Video-to-audio: generating sound directly from a video sequence, with an optional text prompt to guide the output.

The project was built around a core insight: professional sound design requires fundamentally different data and controls than general audio AI systems. One of the clearest findings was the significant gap between public and private training data.

Sony AI created two versions of the model:

A private model trained on licensed professional sound effect libraries, including Pro Sound Effects and BOOM, optimized for studio-grade output.
A public model that uses the same architecture as the private model but is trained on publicly available datasets.

The private model, trained on commercial libraries, significantly outperforms public alternatives on professional sound effect data. The public model outperforms comparable open-source models on public benchmarks. The public model is now available for the research community to access and experiment with. The private model is also available for those who are interested in licensing it.

You can find more information about Woosh here: https://ai.sony/blog/introducing-woosh-sony-ais-sound-effect-foundation-model
To explore Woosh, access the model weights, and listen to demo samples, visit: https://sonyresearch.github.io/Woosh/
To access the Woosh-Flow Private, please visit: https://sonyresearch.github.io/Woosh/flow-private.html

Sony has created Woosh as an AI model that can generate sound effects.
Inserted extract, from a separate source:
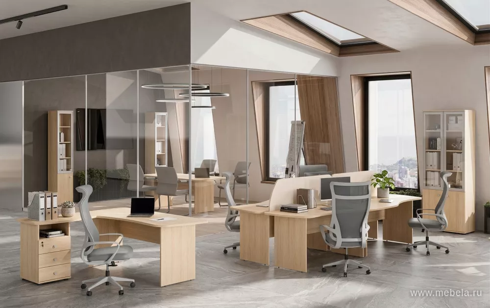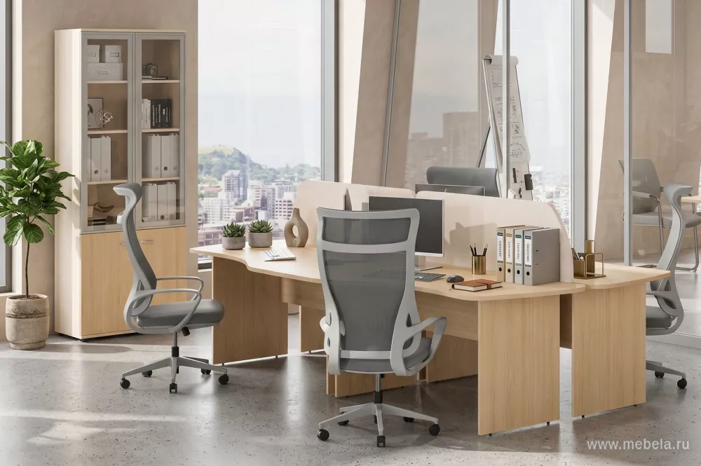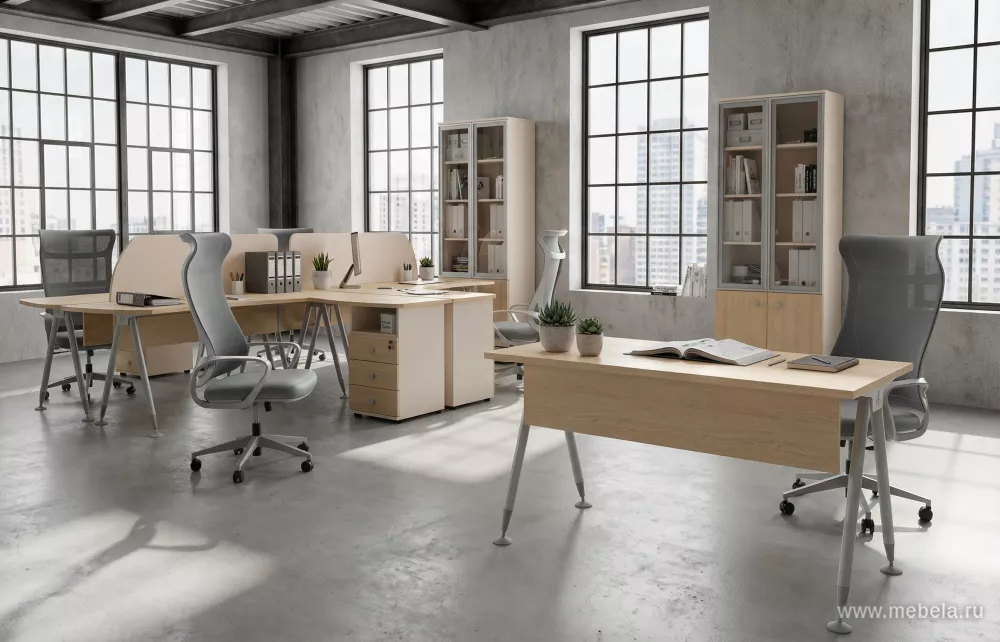 Каждым своим элементом мебель выделяется из сотен других офисных гарнитуров. Двухцветная схема оживит любой офис, а V-образные ножки некоторых столов и необычные рукоятки ящиков усилят этот эффект. В эту офисную мебель встроены кабель-каналы, она снабжена системой регулировки ножек и центральны...

Source: Sony

In the research paper, the authors wrote that the audio research community depends on open generative models as foundational tools for building novel approaches and establishing baselines.

Sony AI has publicly released the Woosh sound effect foundation model, detailing its architecture, training process, and an evaluation against other popular open models. Being optimized for sound effects, Sony provides a high-quality audio encoder/decoder model.

It also provides a text-audio alignment model for conditioning, together with text-to-audio and video-to-audio generative models.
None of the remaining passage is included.